Random ramblings of a anonymous software engineer. Contains occasional profanity. Personal opinions, not related to employer.

Barnes-Hut t-SNE for CUDA (Linux, Mac)

I recently had to do some large-scale analysis, which was better suited to be run on a GPU. t-SNE is an excellent tool for visualizing data clusters, and those who have found this post via Google probably know what this already is, so I'm not going to go into much detail on the explanation. (The official page is here, with all the details you will need.)

I luckily found some readymade Python bindings, but with extremely limited documentation, and missing key pieces to get this working.

Turns out that the binary building part was completely omitted in the repository, so here are pre-built binaries which I made for my own use.

Obviously, this comes with no warranty. If this works for you, good, if it doesn't - you are on your own.

Ubuntu Linux 16.04, CUDA 8.0:

macOS 10.10, CUDA 7.5:

Place this into the bin directory of your checkout, and the library should work as expected. (The unfortunate bit is as this relies on a external binary, there is a lot of I/O and lexical casting involved - which I plan to look into someday.)

If the perplexity is too small, it will trip and trigger a assertion with very little useful information to debug the problem. If it doesn't work, try reducing the perplexity. (More on what that is in the official page, link above.)

One thing to note: There is an interesting bug in the implementation's VRAM calculation routine. (which I didn't bother looking into) Setting gpu_mem to a value above 0.9 triggers VRAM OOM. (It seems to think a Titan X has 13.2GBs of memory, based on the actual allocated VRAM and ratio I used.)

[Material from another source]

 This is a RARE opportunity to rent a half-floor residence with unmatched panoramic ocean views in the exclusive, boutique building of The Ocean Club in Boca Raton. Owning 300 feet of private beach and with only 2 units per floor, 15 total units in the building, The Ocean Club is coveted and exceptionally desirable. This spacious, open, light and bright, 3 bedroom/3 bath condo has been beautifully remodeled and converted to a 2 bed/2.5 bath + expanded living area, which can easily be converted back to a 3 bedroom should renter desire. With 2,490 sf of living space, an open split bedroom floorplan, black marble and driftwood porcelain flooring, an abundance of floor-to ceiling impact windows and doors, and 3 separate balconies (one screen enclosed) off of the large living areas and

I use the binary outside of the Python binding as well, so in my case, I replaced the _find_exe_dir() helper in my site-package installation.

def _find_exe_dir():
    exe_dir = '/usr/local/bin'
    exe_file = 't_sne_bhcuda'

    return path_join(exe_dir, exe_file)

Both binaries are for 64-bit systems.

Example code: (Taken from the original source)

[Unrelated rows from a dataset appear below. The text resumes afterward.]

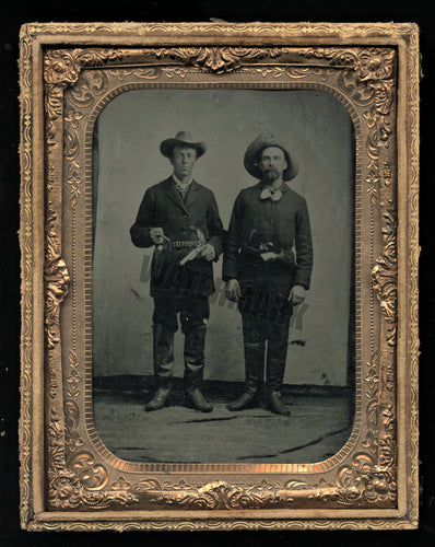 Half Plate Tintype Two Men Armed w Guns & Knife - Indian Scouts? Outlaws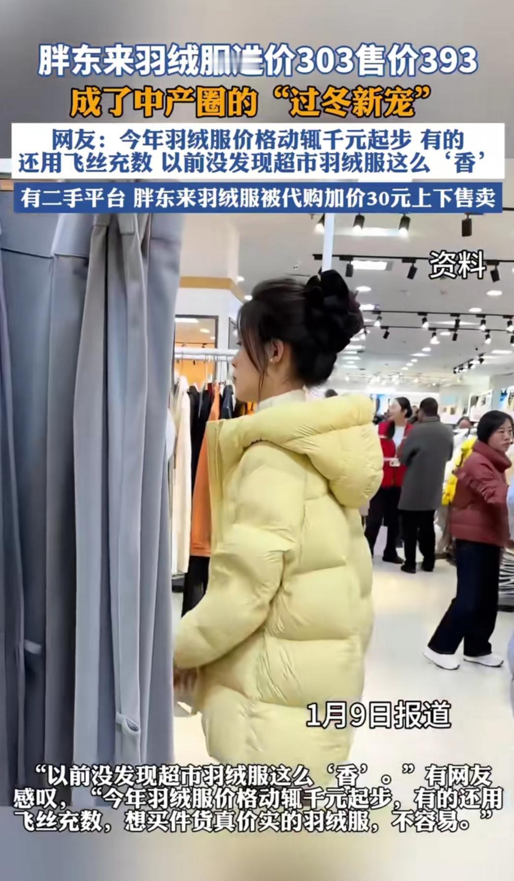谁能想到,今年冬天让中产圈抢破头的“暖冬顶流”,居然是胖东来超市的羽绒服?进价303元只卖393元,连二手平台都冒出来加价30元的代购,这热度比商场大牌新款还炸。 这事儿刚好戳中了大家的痛处——今年羽绒服动辄上千,有的还拿飞丝充数,花大价钱买件“虚胖不暖”的衣服,谁心里不窝火?胖东来这波“实在价+真料子”,直接让网友喊“原来超市才是羽绒服宝藏仓”。 有人夸“这才是商家该有的良心”,也有人说“加价代购纯纯跟风”。冬天买衣服,你是愿意为品牌溢价买单,还是蹲这种“看得见的实惠”?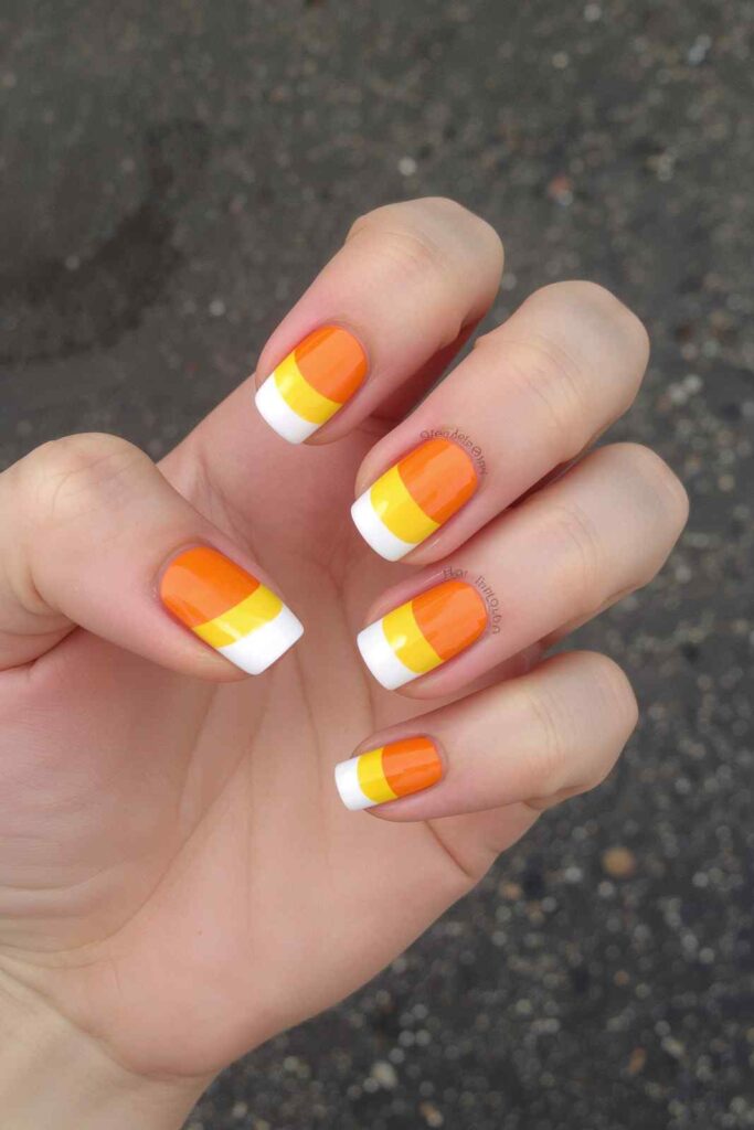 Put a sweet twist on the classic French manicure with candy corn-inspired tips. Alternate orange, yellow, and white in layered stripes for a cheerful Halloween nod.

import t_sne_bhcuda.bhtsne_cuda as tsne_bhcuda
import matplotlib.pyplot as plt
import numpy as np

perplexity = 50.0
theta = 0.5
learning_rate = 200.0
iterations = 2000
gpu_mem = 0.8

t_sne_result = tsne_bhcuda.t_sne(samples=data_for_tsne, files_dir='/home/user/wherever', no_dims=2, perplexity=perplexity, eta=learning_rate, theta=theta, iterations=iterations, gpu_mem=gpu_mem, randseed=-1, verbose=2)
t_sne_result = np.transpose(t_sne_result)

fig = plt.figure()
ax = fig.add_subplot(111)
ax.scatter(t_sne_result[0], t_sne_result[1])

Step by step instructions:

  1. Git clone Python bindings repository from Github.
  2. Make bin directory, download binary for your platform and drop it in there with the filename t_sne_bhcuda
  3. Alternatively, use the patch above and drop it into /usr/local/bin, same filename.
  4. Use the example code above.